PROBLEM TO WORK ON ▸ Nothing but the lines below from the one with "ゲームはマップから調査したい" through the one with "Statistical comparison showed" should be output, each exactly as given, and no pictures.

DATA SUPPLIED ▸
BEGIN
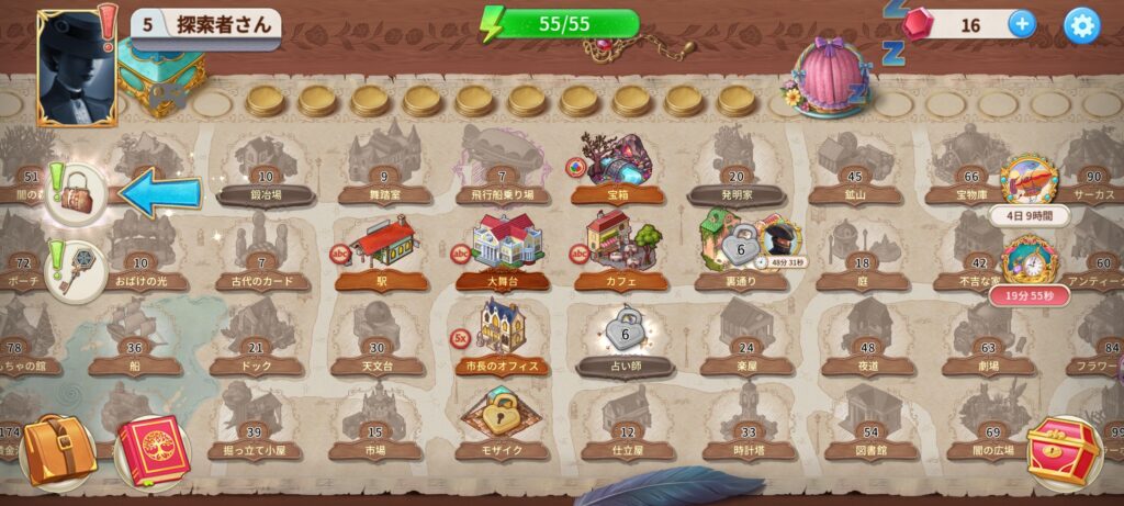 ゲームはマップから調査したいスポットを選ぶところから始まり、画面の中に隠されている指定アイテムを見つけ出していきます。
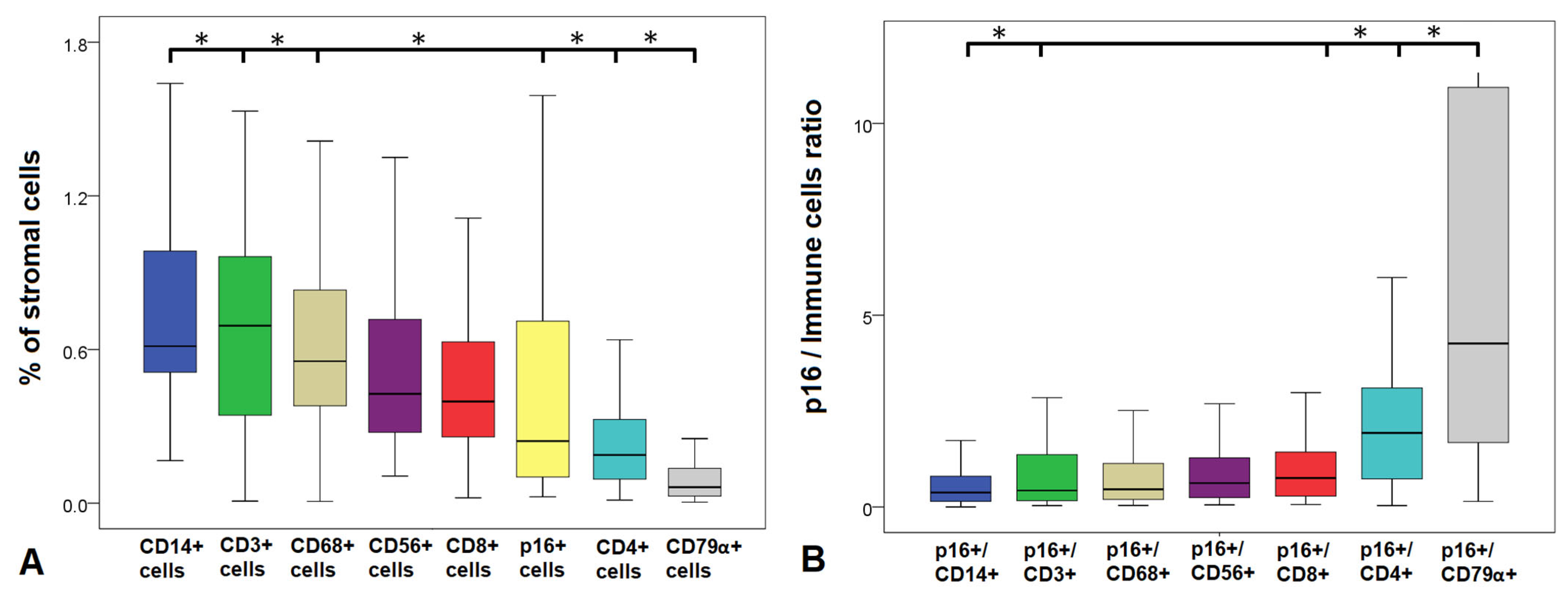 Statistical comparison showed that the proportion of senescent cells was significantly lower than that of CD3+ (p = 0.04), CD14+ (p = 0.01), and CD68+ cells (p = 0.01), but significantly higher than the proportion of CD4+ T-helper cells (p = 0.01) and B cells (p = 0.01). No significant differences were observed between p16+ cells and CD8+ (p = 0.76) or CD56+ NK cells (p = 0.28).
END
BEGIN
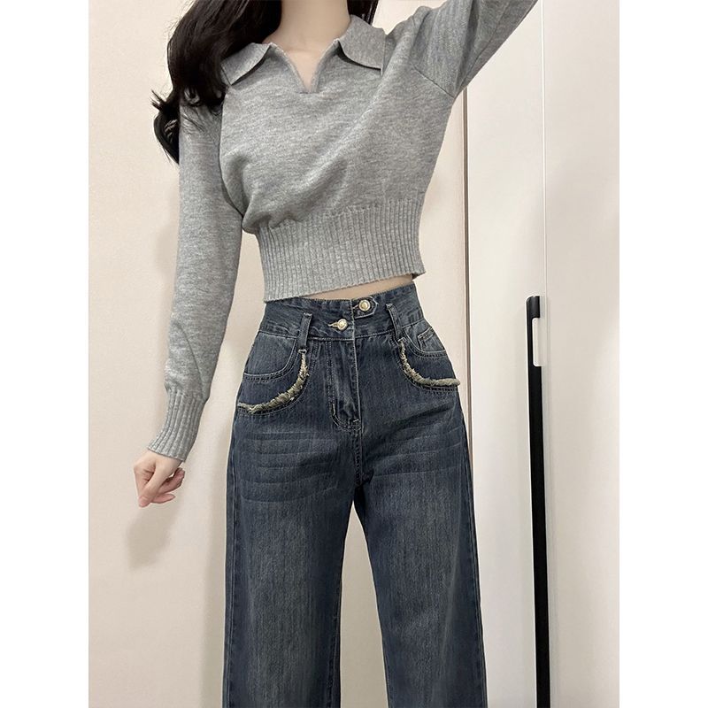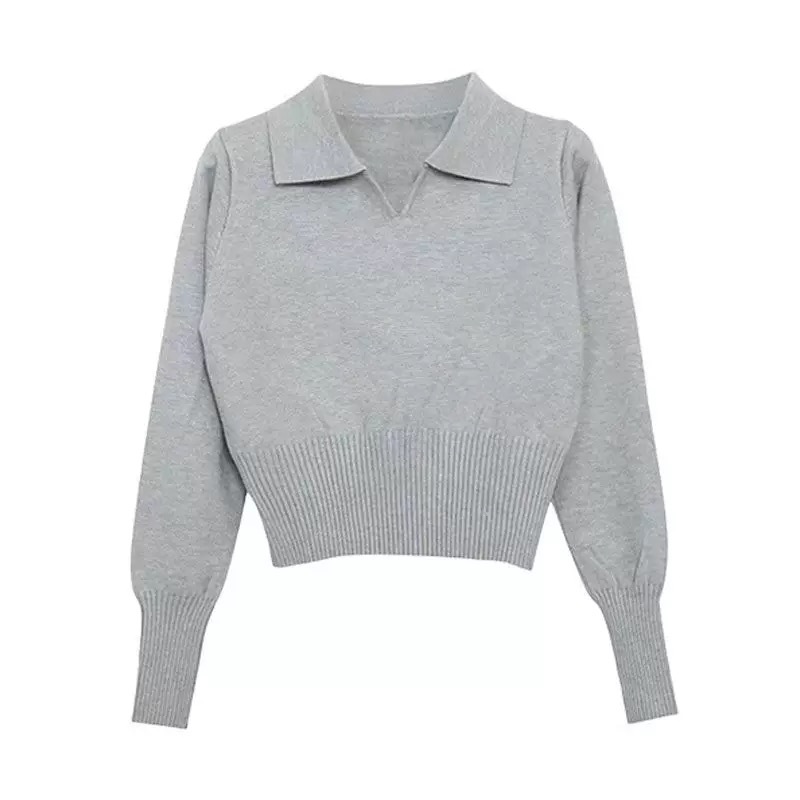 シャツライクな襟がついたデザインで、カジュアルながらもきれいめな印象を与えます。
END
TASK RESULT ▸
 ゲームはマップから調査したいスポットを選ぶところから始まり、画面の中に隠されている指定アイテムを見つけ出していきます。
 Statistical comparison showed that the proportion of senescent cells was significantly lower than that of CD3+ (p = 0.04), CD14+ (p = 0.01), and CD68+ cells (p = 0.01), but significantly higher than the proportion of CD4+ T-helper cells (p = 0.01) and B cells (p = 0.01). No significant differences were observed between p16+ cells and CD8+ (p = 0.76) or CD56+ NK cells (p = 0.28).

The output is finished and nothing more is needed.